ダルのサイ・ヤング賞を後押しするライバル右腕2人の“失点”

ダルのサイ・ヤング賞を後押しするライバル右腕2人の“失点”

 カブスのダルビッシュ有(34)が15日(日本時間16日)のインディアンス戦に8勝目(2敗)をかけて登板。7回で今季最多となる9安打を許したものの、3失点と粘りの投球。勝利投手の権利を手にしたが、救援投手が打たれ、メジャー単独トップの8勝目は逃した。

 ダルは、リーグトップの勝ち星に加え、同2位の防御率1・77、同7位の奪三振72と、3部門で上位につけており(14日終了時)、サイ・ヤング賞(最優秀投手賞)の有力候補のひとりに挙がっている。

 ダルのライバルは、メッツのデグロム(9試合で4勝1敗、防御率1・67、79奪三振)、レッズのバウアー(9試合で4勝3敗、同1・71、83奪三振)の右腕2人。いずれもメジャーを代表する好投手とはいえ、この2人はマイナス材料を抱えている。

 デグロムは8月中盤に首を寝違えて1度、登板を回避した。バウアーは9試合の登板のうち、今季、特別ルールで実施されている七回制のダブルヘッダーに5試合も登板している。ダルはダブルヘッダー(8月29日のレッズ戦)に1試合登板しているものの、3人の中では唯一、ローテ通りにマウンドに上がっているのだ。
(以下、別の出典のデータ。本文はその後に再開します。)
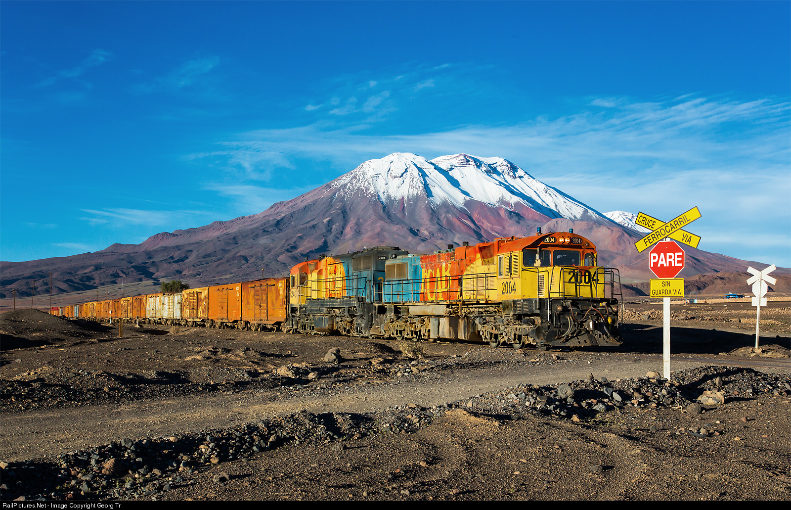 The daily boxcar train from Bolivia, with cars of the EMPRESA FERROVIARIA ANDINA S.A (with the former inscription of FCA=Ferrocarril Andino) is running through San Pedro on the way to Calama and the harbour of Antofagasta. As far as I know, mineral concentrate (loose bulk!) is transported out of Bolivia in these cars, the loading possibly takes place in Poopó, 48 kilometres south of Oruro and in Agua da Castilla (Porco mines) on the Potosí branch. The train is pulled by the Former Queensland Railway GL26C-2 # 2004 and former Columbia (FNC) GT22CU-3 (rebuilt GR12) # 2404 of the FCAB (Ferrocarril de Antofagasta a Bolivia). In the background is one of the tallest active vulcanoes of the World, the 6145 meter (20161 feet) high San Pedro. Last outbreak was in 1960, presently the volcano is fumarolically active. Here we are about 3230 meter a.s.l. an there are about 320 kilometer through the Atacama desert to Antofagasta.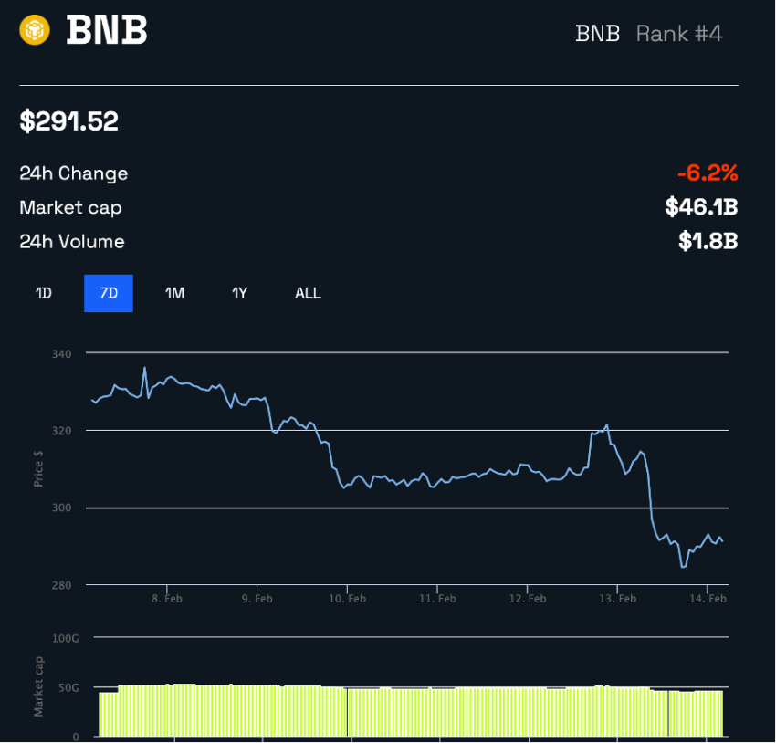 El precio de Binance Coin (BNB) experimentó una caída masiva durante la semana pasada. La moneda cayó por debajo de la marca de $300 tras experimentar una corrección de más del 6% en las últimas 24 horas.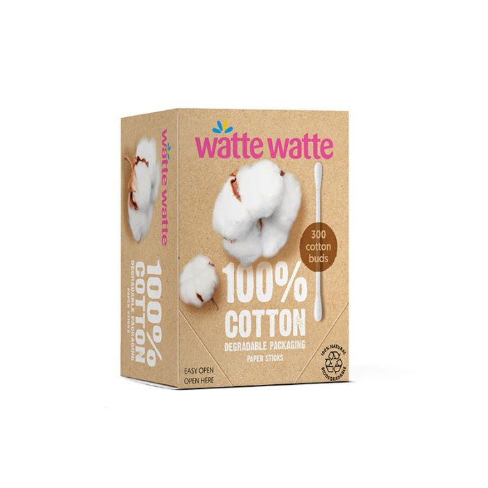 WATTE WATTE Памучни клечки за уши с хартиена дръжка 300 бр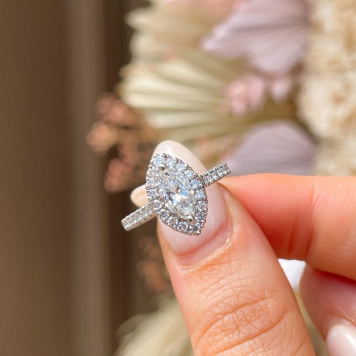 Lia is the Most Beautiful Marquise Halo Set with a 0.71ct IGI Certified Laboratory Grown Diamond. This is Supported by Castle Set Diamond Shoulders on a Platinum Ring.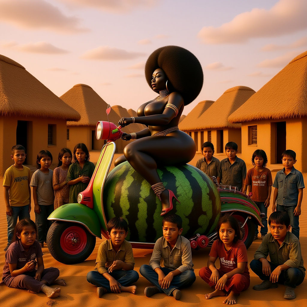 This image shows a Black woman riding a watermelon scooter that emits smoke. The vibrant matte painting, rich with intricate detail, captures a lively street scene with amazed bystanders. This fantasy concept art is rendered in 8k resolution.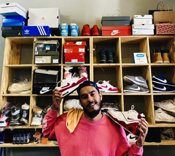 “Once the lockdown restrictions decreased, more people could leave their homes and their sneakers became dirtier. I began riding that wave by cleaning 20 pairs of sneakers a week. One day, a friend, Abdul Raaziq (someone I had supplied Jula Vape juice to), asked if I would be interested in taking space in his vape lounge. I was grateful that I had once helped him on his business journey, because then he gave me that same opportunity. By collaborating within retail space and sharing ideas, together we could bring more people into the store, with both businesses thriving – if you kyk (help) with me, I kyk (help) with you. His vape customers become my sneaker cleaning customers, and vice versa – surprisingly, the concept of a vape lounge and sneaker cleaning came together.”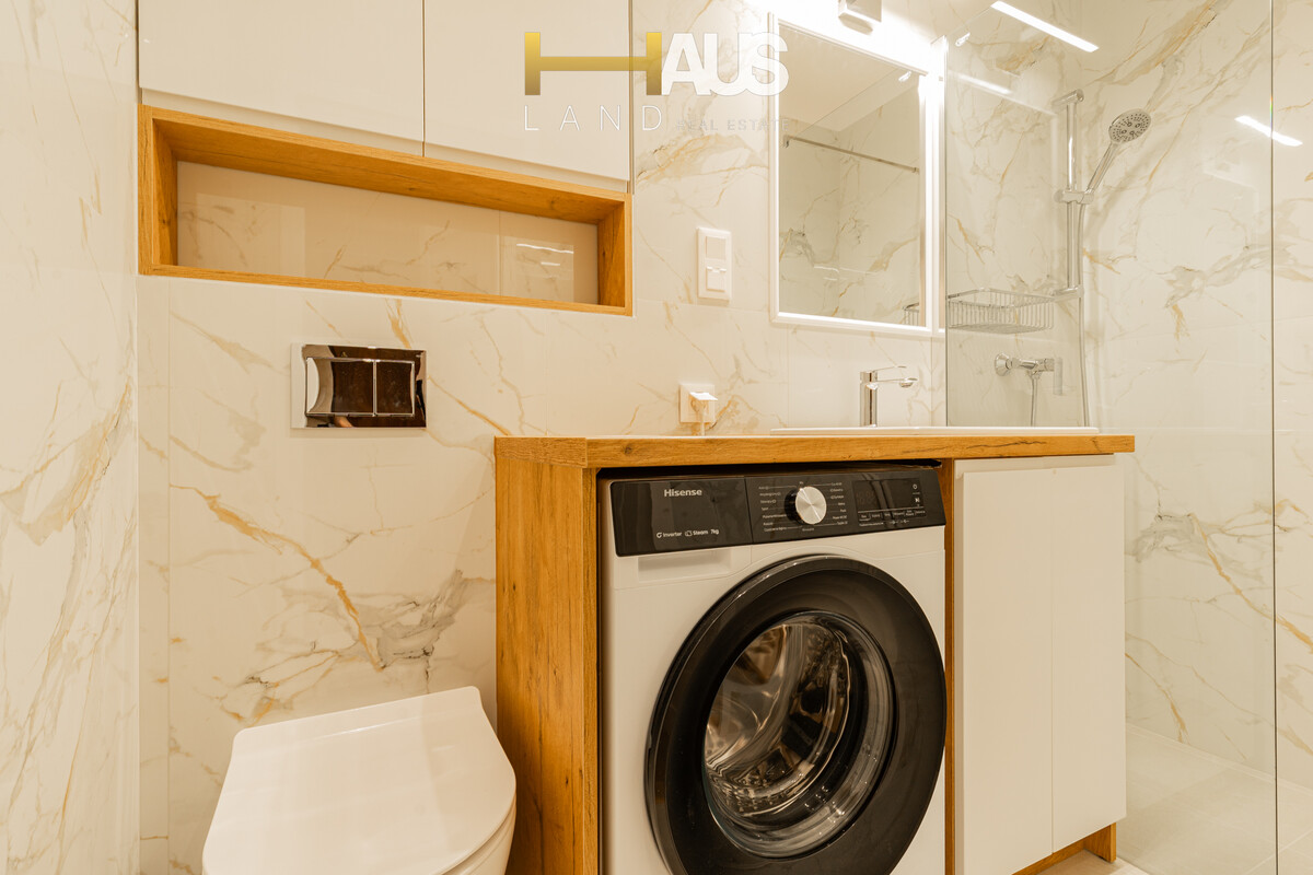 Łazienka ma elegancki i nowoczesny charakter - wykończona w ponadczasowej stylistyce, wyposażona w wygodny prysznic oraz praktyczne rozwiązania do przechowywania. Całość tworzy spójną i estetyczną przestrzeń sprzyjającą codziennemu komfortowi.

「デグロムの登板回避はマイナス材料になりますが、バウアーのダブルヘッダーでの登板は自分ではコントロールできないだけに失点にはならないでしょう。3人の成績を比べると甲乙つけ難い。最終的にはチームのポストシーズン進出への貢献度が重視されると思う。今季のダルは初戦こそつまずいたが、それ以降は安定した投球でナ・リーグ中地区で首位に立つチームを牽引してきた。他の2人にはないプラス材料です」(スポーツライター・友成那智氏)

 カブスと同地区のレッズは5・5ゲーム差の3位、メッツは首位ブレーブスと6・5ゲーム差のナ・リーグ東地区4位。いずれもポストシーズン進出は微妙な状況だ。

 加えて「デグロムは過去2年連続で受賞しているだけに、ダルが同情票を集める可能性もある」(友成氏)という。